Trigonometry Functions, Formulas and Identities

Posted in Terms Defined

Please refer to the following figure of right-angled triangle:

Trigonometry Functions:

\( Sine \theta = \frac{opposite}{hypotenuse} = \frac{AC}{AB} \)

\( Secant \theta = \frac{hypotenuse}{adjacent} = \frac{AB}{BC} \)

\( Cosine \theta = \frac{adjacent}{hypotenuse} = \frac{BC}{AB} \)

\( Tangent \theta = \frac{opposite}{adjacent} = \frac{AC}{BC} \)

\( Co-Secant \theta = \frac{hypotenuse}{opposite} = \frac{AB}{AC} \)

\( Co-Tangent \theta = \frac{adjacent}{opposite} = \frac{BC}{AC} \)

Reciprocal Identities:

\( Cosec \theta = \frac{1}{Sine \theta} \)

\( Secant \theta = \frac{1}{Cosine \theta} \)

\(Co-Tangent \theta = \frac{1}{Tangent \theta} \)

\(Cosine \theta = \frac{1}{Secant \theta} \)

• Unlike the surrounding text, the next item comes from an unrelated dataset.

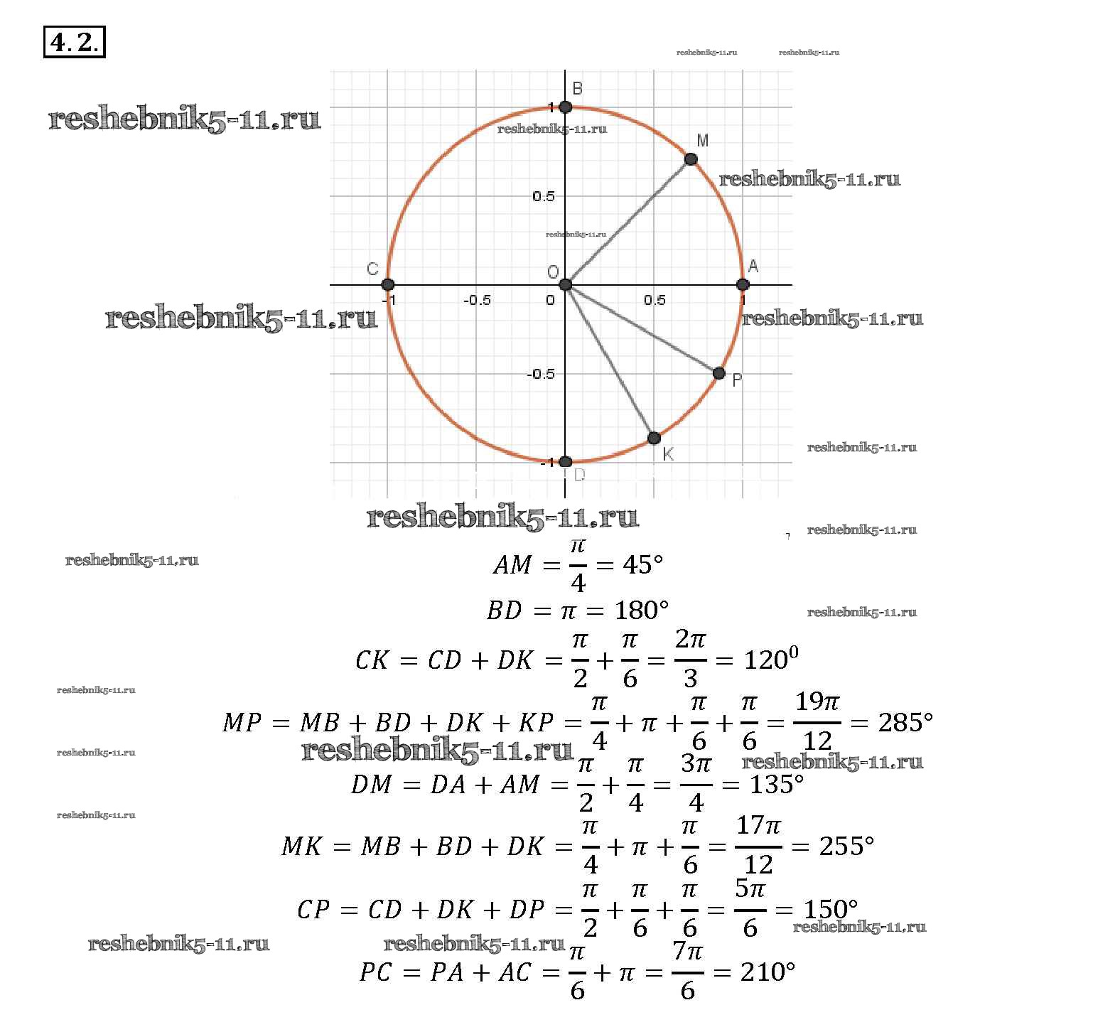 Готовая домашняя работа с ответами по Алгебре за 10, 11 класс Мордкович, Денищева, Корешкова, Мишустина, Семёнов, Тульчинская Задачник Базовый уровень Часть 2 Мнемозина 2015 ФГОС - §4. Числовая окружность 4. 2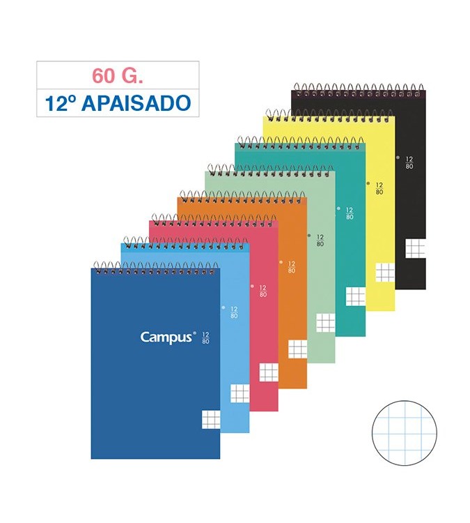 Bloc de espiral de tapa blanda de cartón flexible y ligera. Cubierta 4 colores surtidos. Contraportada blanca. Contiene 80 hojas de 60 gramos. Tamaño: 12º Apaisado. Medidas: 125 x 85 mm. Rayado: cuadrícula 4 mm.

\(Tangent \theta = \frac{1}{Co-Tangent \theta} \)

Short Forms:

\( cos \theta ==> Cosine \theta \)

\( sin \theta ==> Sine \theta \)

\( tan \theta ==> Tangent \theta \)

\( cot \theta ==> Co-Tangent \theta \)

\( sec \theta ==> Secant \theta \)

\( cosec \theta ==> Co-Secant \theta \)

Trigonometry Formulas involving Periodicity:

\( sin (\theta + 2 \pi) = sin  \theta \)

\( cos (\theta + 2\pi) = cos \theta \)

\( tan (\theta + \pi) = tan \theta \)

\( cot (\theta + \pi) = cot \theta \)

Trigonometry Formulas involving Co-function Identities:

\( sin (90 - \theta ) = cos \theta \)

\( cos (90 - \theta ) = sin \theta \)

\( tan (90 - \theta = cot \theta \)

\( cot (90 - \theta = tan \theta \)

Trigonometry Formulas involving Sum / Difference Identities:

\( sin (A + B) = sin A cos B + cos A sin B \)

\( cos (A + B) = cos A cos B - sin A sin B \)

\( tan (A + B) = \frac{tan A + tan B}{1 - tan A tan B} \)

\( sin (A - B) = sin A cos B - cos A sin B \)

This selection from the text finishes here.